▶ [Task requirements]:
Return the data exactly, apart from leaving out the pictures.

▶ [Data segment]:
=== Begin Enclosure ===

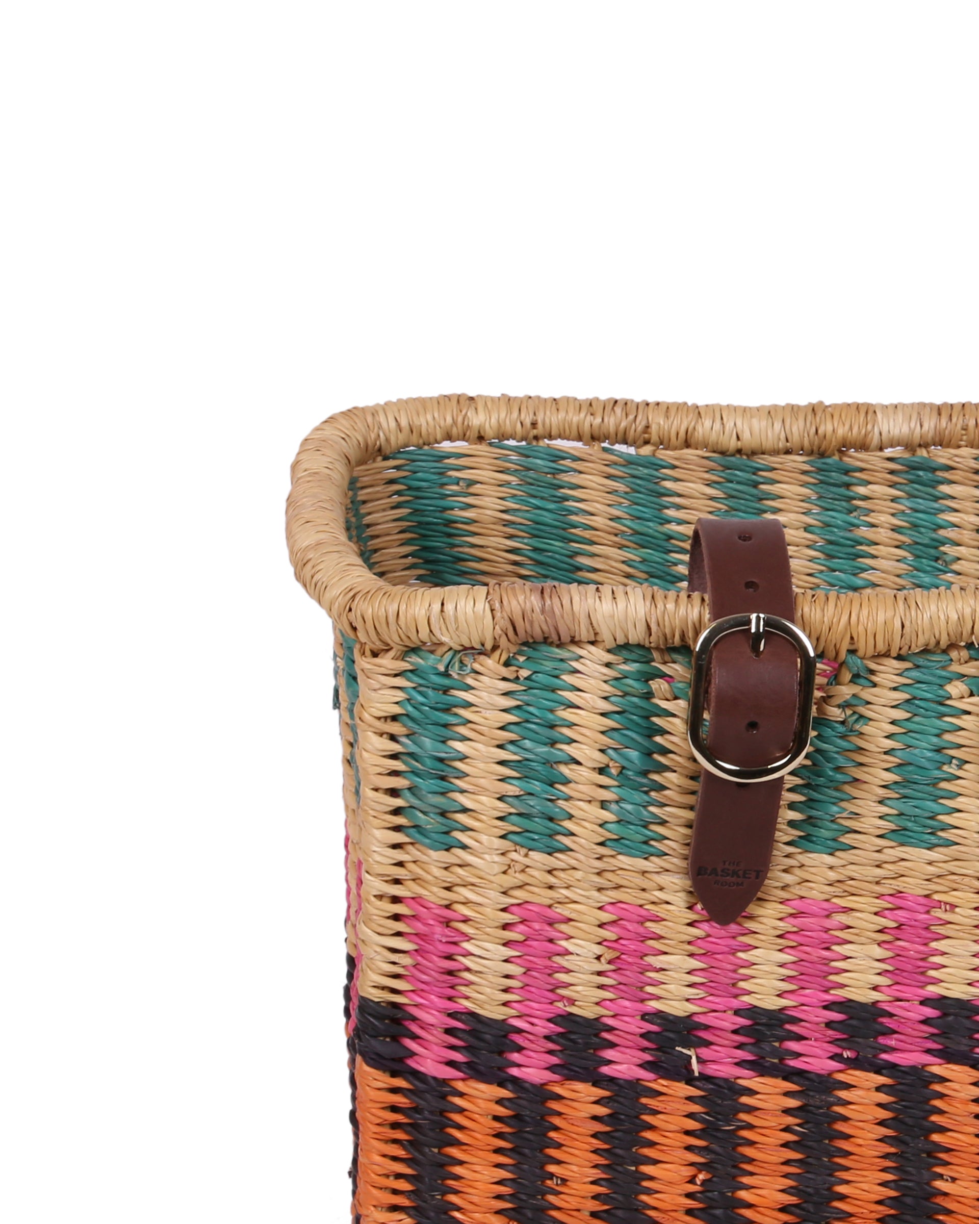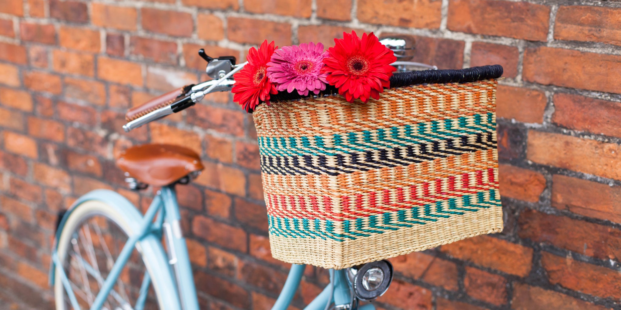 Each bike basket takes up to three days to weave by hand, and is made from wild veta vera – also known as Elephant Grass. This indigenous grass is harvested, split, hand-rolled and dyed before it is ready to be woven by a skilled member of our partner weaving cooperative in Northern Ghana.
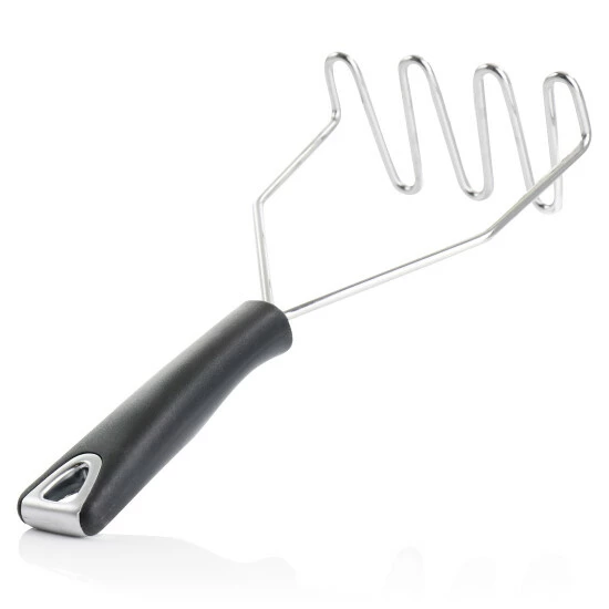 The Martha Stewart Everyday Stainless Steel Masher utensil is designed with an ergonomic handle for comfortable grip during extended use. Constructed with lightweight and durable brushed stainless steel that is dishwasher safe for long lasting use and easy clean up. Mash potatoes, bananas, beans, and other foods for cooking or baking!
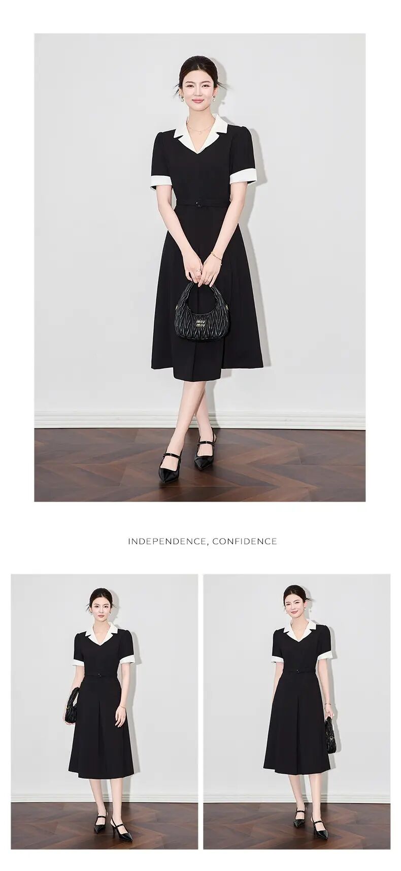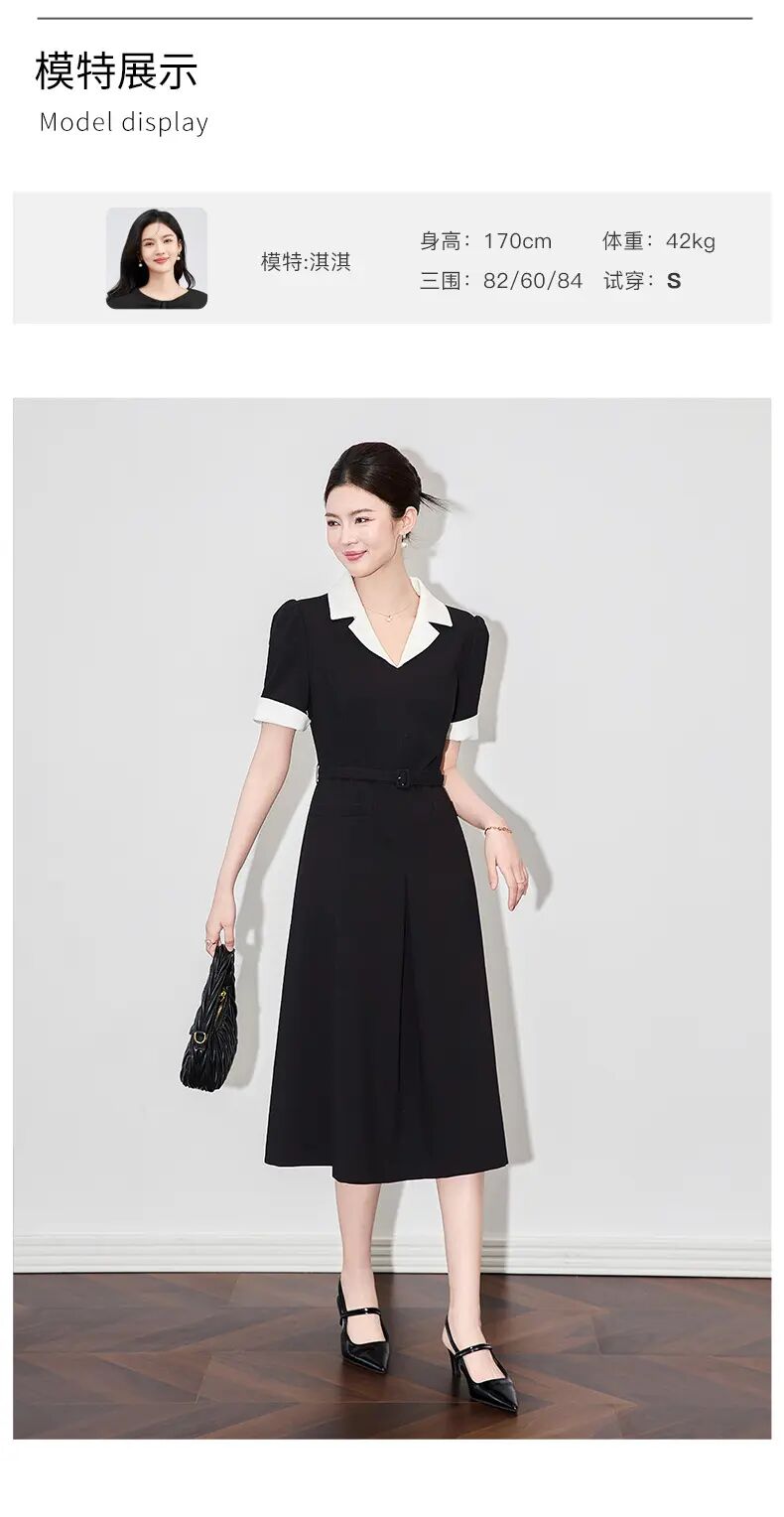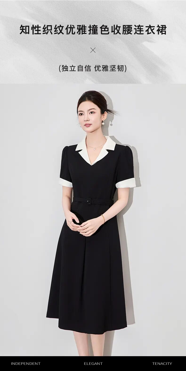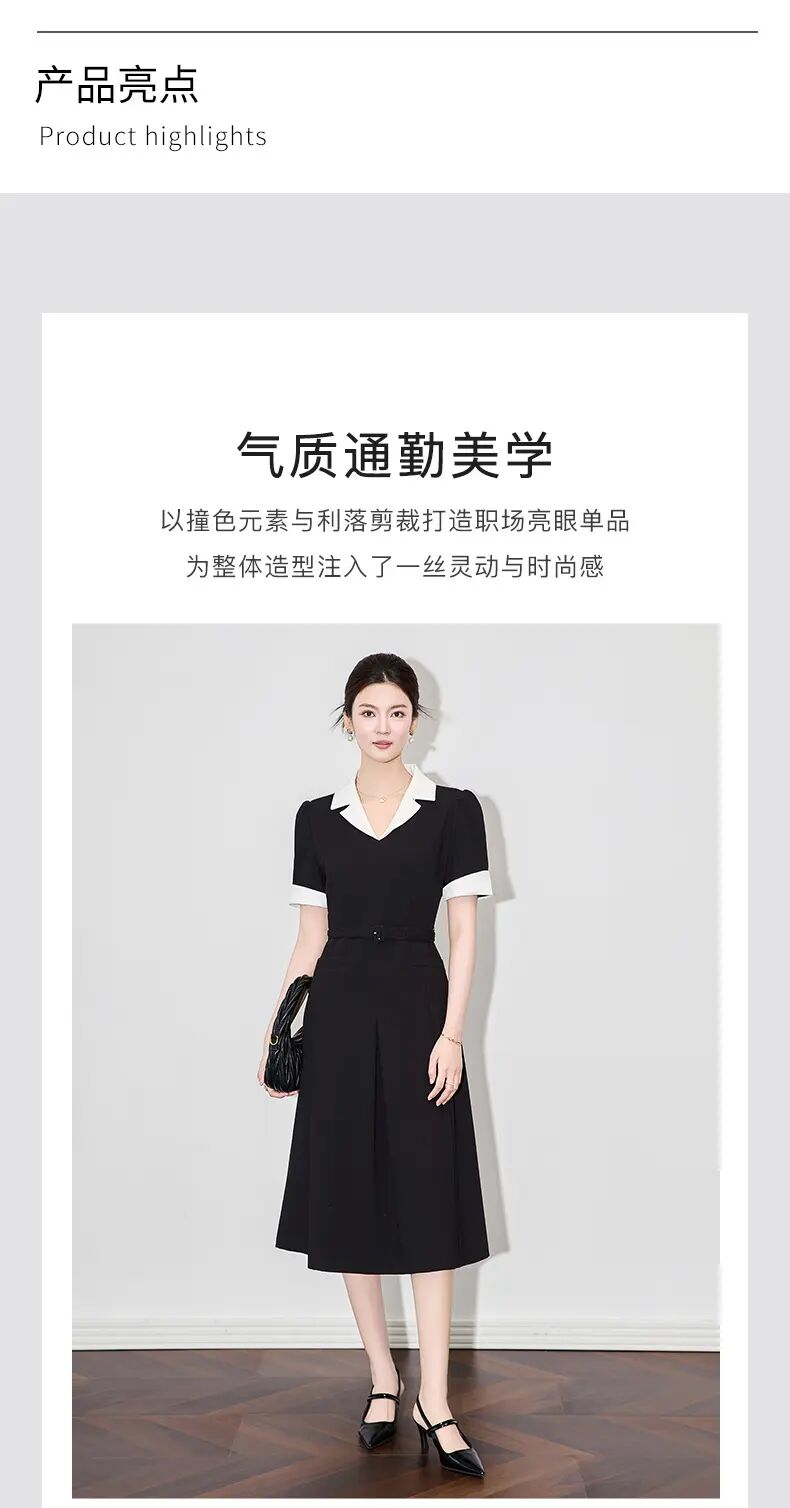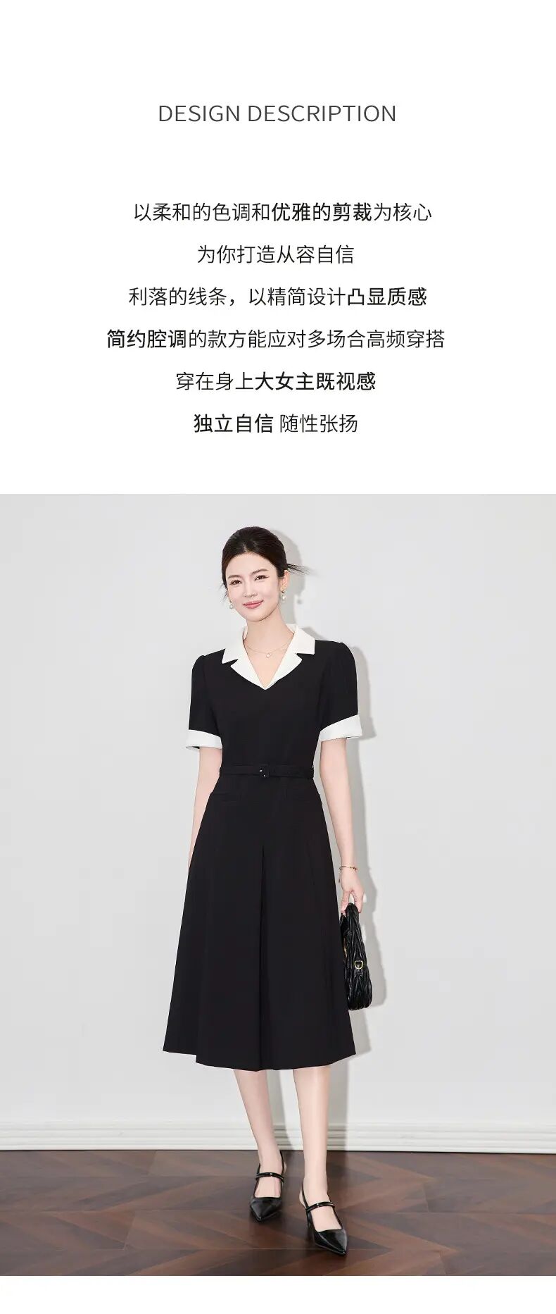 【高货wl】全新升级【铂金会员349/天猫469/差价120】(00559) 洛诗琳25春夏高级感职业裙气质撞色收腰短袖女新款连衣裙

=== End Enclosure ===

▶ [Solution to this exercise]:
 Each bike basket takes up to three days to weave by hand, and is made from wild veta vera – also known as Elephant Grass. This indigenous grass is harvested, split, hand-rolled and dyed before it is ready to be woven by a skilled member of our partner weaving cooperative in Northern Ghana.
 The Martha Stewart Everyday Stainless Steel Masher utensil is designed with an ergonomic handle for comfortable grip during extended use. Constructed with lightweight and durable brushed stainless steel that is dishwasher safe for long lasting use and easy clean up. Mash potatoes, bananas, beans, and other foods for cooking or baking!
 【高货wl】全新升级【铂金会员349/天猫469/差价120】(00559) 洛诗琳25春夏高级感职业裙气质撞色收腰短袖女新款连衣裙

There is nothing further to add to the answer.